Table 2. Representative physiographic features
Landforms |
(1)
Drainageway
|
---|---|
Flooding duration | Brief (2 to 7 days) |
Flooding frequency | None to frequent |
Ponding frequency | None |
Elevation | 1,899 – 2,679 m |
Slope | 0 – 15% |
Water table depth | 51 cm |
Aspect | Aspect is not a significant factor |
Climatic features
The average annual precipitation ranges from 23 to 51 inches, mostly in the form of snow in the winter (November to April). The average annual air temperature ranges from 39 to 43 degrees Fahrenheit. The frost-free (>32F) season is 20 to 60 days and the freeze-free (>28F) season is 40 to 100 days.
Climate stations: (1) 048762, Tahoe Valley FFA AP, California. Period of record 1968-2008
Table 3. Representative climatic features
Frost-free period (average) | 40 days |
---|---|
Freeze-free period (average) | 70 days |
Precipitation total (average) | 940 mm |
Figure 2. Monthly precipitation range
Figure 3. Monthly average minimum and maximum temperature
Figure 4. Annual precipitation pattern
Figure 5. Annual average temperature pattern
Influencing water features
The area floods during the spring snow melt and the water table remains at 20 to 30 inches from March to May. The water table drops below 60 inches in the summer and fall.
Soil features
The soils associated with this site are very deep and developed from alluvium and colluvium derived from mixed parent materials. They are somewhat poorly drained with moderate permeability. The surface textures are gravelly loamy coarse sand. A layer of moderately decomposed plant material overlies the mineral horizons. Subsurface textures are very gravelly and gravelly loamy coarse sand. The soils associated with this site are taxon above family Oxyaquic cryorthents.
This ecological site has been correlated as a major component in the following mapunits and soil components in the Tahoe Basin soil survey area (CA693), and occurs as a minor component in 27 additional mapunits:
Musym ; MUname ; Compname ; Local_phase ; Comp_pct
9011 ; Oxyaquic Cryorthents-Aquic Xerorthents-Tahoe complex, 0 to 15 percent slopes ; Oxyaquic Cryorthents ; ; 30
Table 4. Representative soil features
Surface texture |
(1) Gravelly loamy coarse sand |
---|---|
Family particle size |
(1) Sandy |
Drainage class | Somewhat poorly drained |
Permeability class | Moderate |
Soil depth | 152 cm |
Available water capacity (0-101.6cm) |
4.06 – 5.59 cm |
Soil reaction (1:1 water) (0-101.6cm) |
5.1 – 6.5 |
Ecological dynamics
Abiotic factors
This site occurs on headwater swales and first order streams, often at geologic junctions that create seeps, at elevations of approximately 6000 to 9000 feet. Soils are very deep, moist, and sandy, and formed in alluvium and colluvium from mixed sources. Moist soils support a quaking aspen forest with a high cover and diversity of forbs and grasses in the understory. California false hellebore, a large forb indicative of moist habitats, dominates understory production and blue wildrye is the dominant grass.
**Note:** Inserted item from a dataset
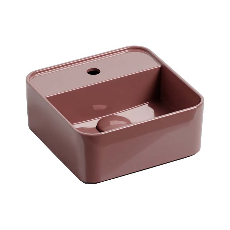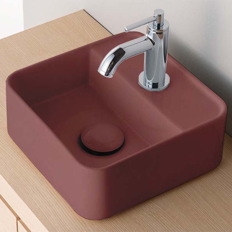 CIELO SHUI COMFORT LPLAQ Раковина накладная с одним отверстием под смеситель, без слива- перелива, все стороны покрыты эмалью, для установки на столешницу. Размеры: 28x28x11,5 h. Цвет Corallo.

Ecological/Disturbance factors
The historic reference community phase is dominated by mature aspen clones, which are adapted to the perennially moist soils of this ecological site (Shepperd et al. 2006). Moist soils and the relatively high light levels characteristic of aspen forests support a high cover and diversity of forbs and grasses.
Fire, conifer invasion and disease are the primary disturbances affecting this ecological site. Aspen regenerates primarily by root suckering after matures stems die; thus aspen requires disturbance from fire, flooding, landslides, or avalanches to maintain dominance and vigor (Shepperd et al. 2001, Shepperd et al. 2006). When the tree canopy is killed or stressed, the movement of the hormone that suppresses root resprouting is reduced, which then causes another hormone to stimulate resprouting from roots (Bartos and Amacher 1998). Without fire or other disturbances such as disease or insect infestation, these hormones are inhibited root sprout production is inhibited. Although less flammable than surrounding forests due to higher moisture (Howard 1996), the aspen forests of this ecological site depend on fire to maintain dominance. With a lack of fire, white fir (Abies concolor) and/or Sierra lodgepole pine (Pinus contorta var. murrayana) infill into this ecological site. White fir regenerates in the shade of the aspen canopy, and can eventually overshadow the aspen. When thus shaded, new sprouts are inhibited and the mature aspens will die from either diseases or natural senescence. Natural disturbance such as fire or disease can cause die-off of the conifers, creating canopy openings initiating regeneration of the aspen, and prescribed burning or clearcut can also stimulate regeneration (Shepperd et al. 2001). However, if conifers are dominant for too long and all above ground aspen ramets die off, the rootstock will also die and aspen may be lost from the site altogether (Shepperd et al. 2006). Fire suppression has led to infilling, and threatens the viability of many aspen stands in the Tahoe Basin (Shepperd et al. 2006). Grazing by ungulates can also severely impact regeneration of aspen, but at this time this is not an issue in the Lake Tahoe Basin.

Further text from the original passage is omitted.